Saved data entries:
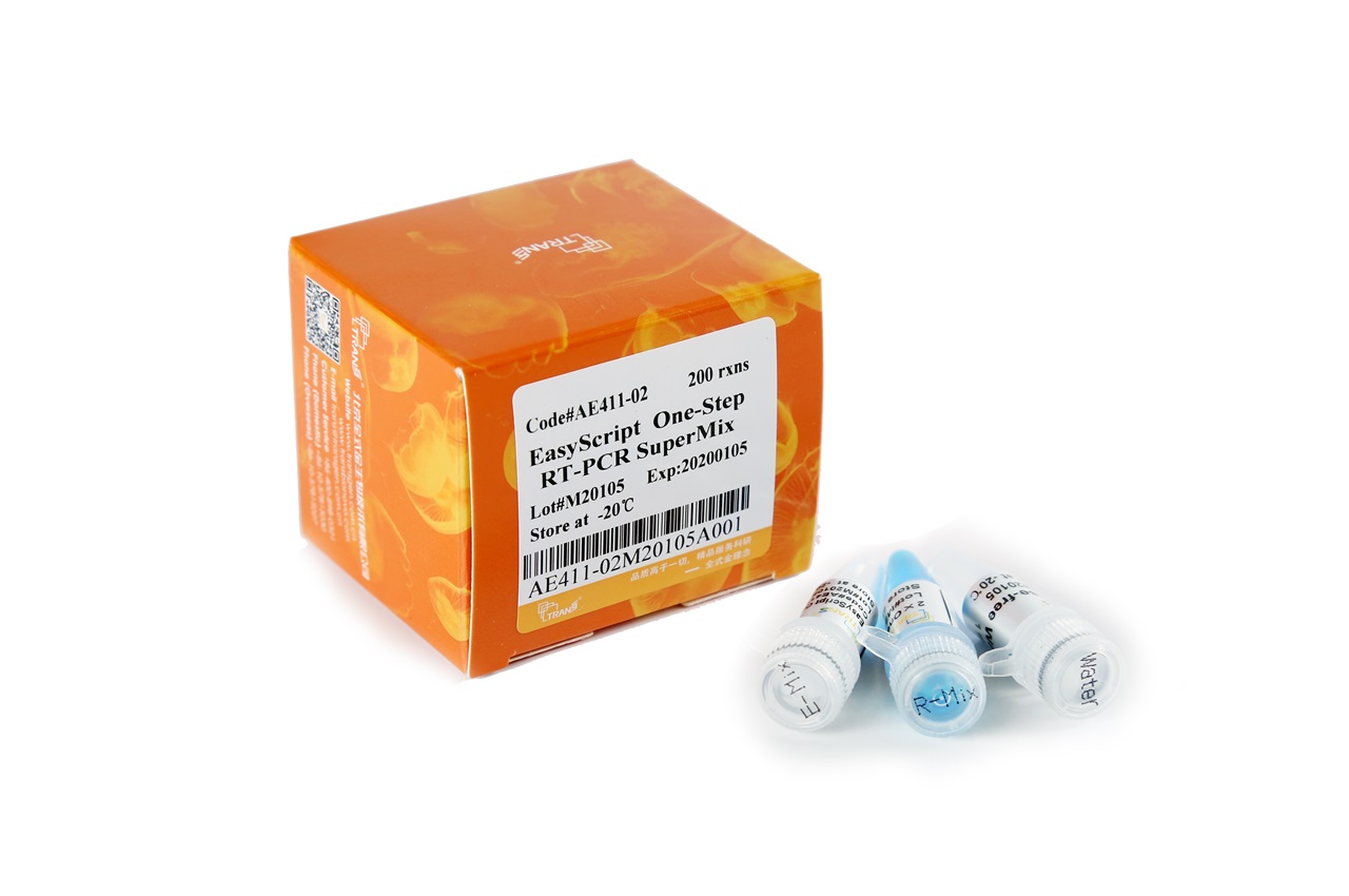 A RT-PCR em uma etapa combina a síntese da primeira fita de cDNA com a PCR no mesmo tubo para simplificar a preparação da reação e reduzir a possibilidade de contaminação. Somente primers específicos para cada gene podem ser usados para a RT-PCR em uma etapa. O kit utiliza EasyScript® RT e TransTaq® HiFi DNA Polymerase.
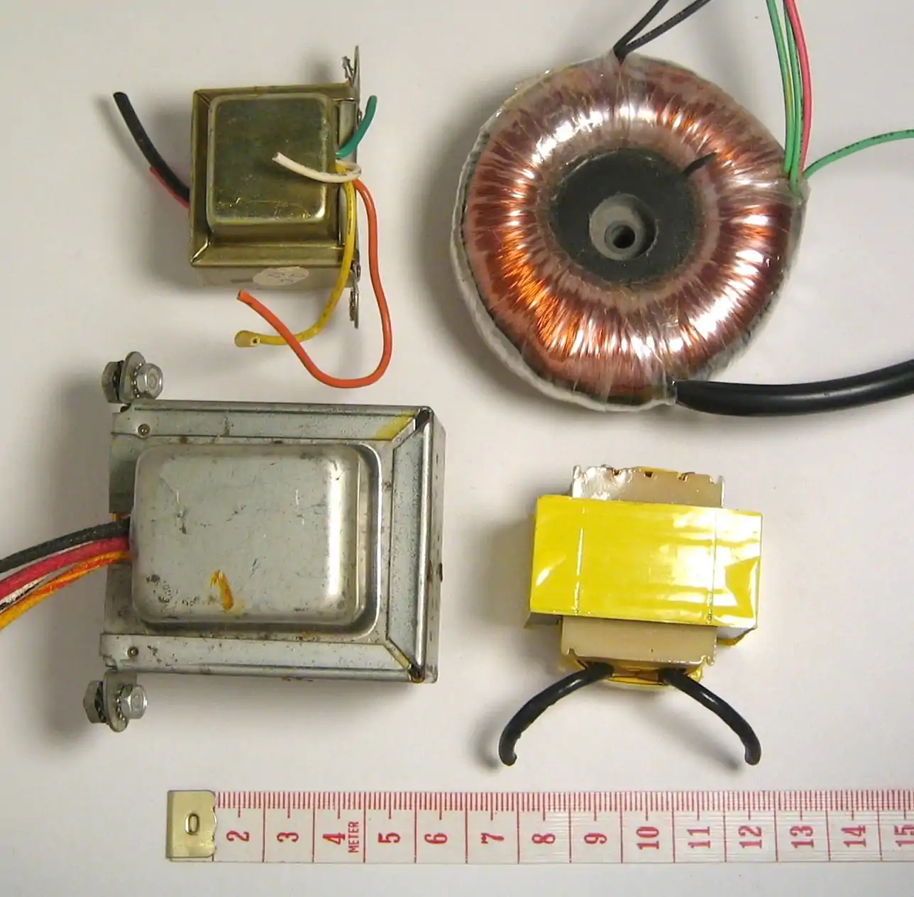 The following photo shows several examples of the construction of inductors and transformers. At the upper right is a toroidal core type (toroid is the mathematical term for a donut shape). This shape very efficiently contains the magnetic flux, so less power (or signal) is lost to heating up the core.
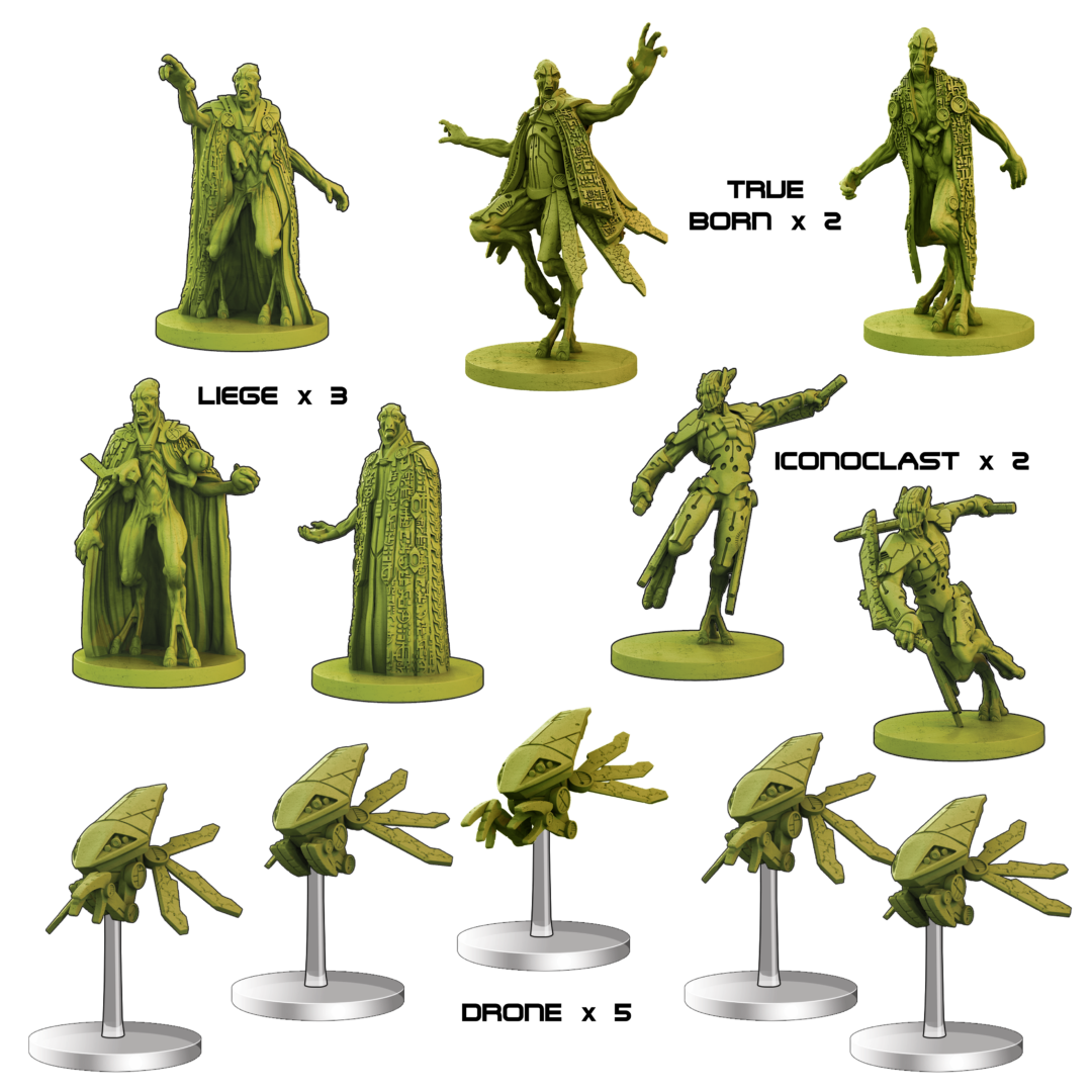 Core Space: First Born is a solo/co-operative sci-fi miniatures game in which your band of Traders venture into the temples of the First Born, a fanatical alien species that do not welcome intruders!
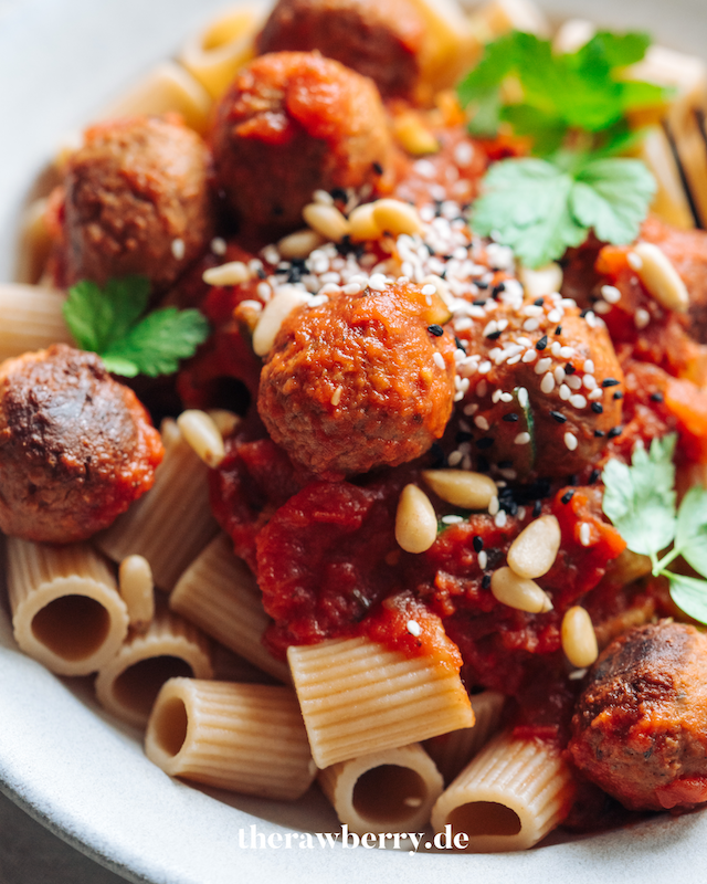 Glutenfreie Rezepte, Mittag- & Abendessen, Rezepte Vegane „Hackbällchen“ mit Pasta in würziger Tomatensoße in nur 20 Minuten
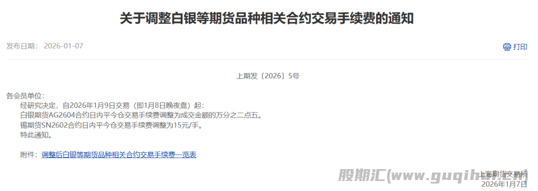 此外,上期所发布调整白银等期货品种相关合约交易手续费的通知。自2026年1月9日交易(即1月8日晚夜盘)起,白银期货AG2604合约日内平今仓交易手续费调整为成交金额的万分之二点五,锡期货SN2602合约日内平今仓交易手续费调整为15元/手。
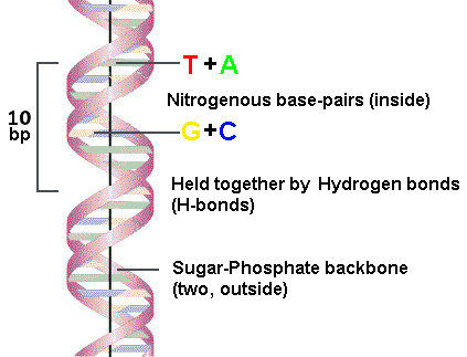 molecule. It consists of two sugar-phosphate backbones on the outside, held

PROMPT: Find the line with "Core Space: First" in the entries above. Set down exactly every line from it up to and including the line with "此外,上期所发布调整白银等期", images excluded.

WRITTEN RESPONSE:
 Core Space: First Born is a solo/co-operative sci-fi miniatures game in which your band of Traders venture into the temples of the First Born, a fanatical alien species that do not welcome intruders!
 Glutenfreie Rezepte, Mittag- & Abendessen, Rezepte Vegane „Hackbällchen“ mit Pasta in würziger Tomatensoße in nur 20 Minuten
 此外,上期所发布调整白银等期货品种相关合约交易手续费的通知。自2026年1月9日交易(即1月8日晚夜盘)起,白银期货AG2604合约日内平今仓交易手续费调整为成交金额的万分之二点五,锡期货SN2602合约日内平今仓交易手续费调整为15元/手。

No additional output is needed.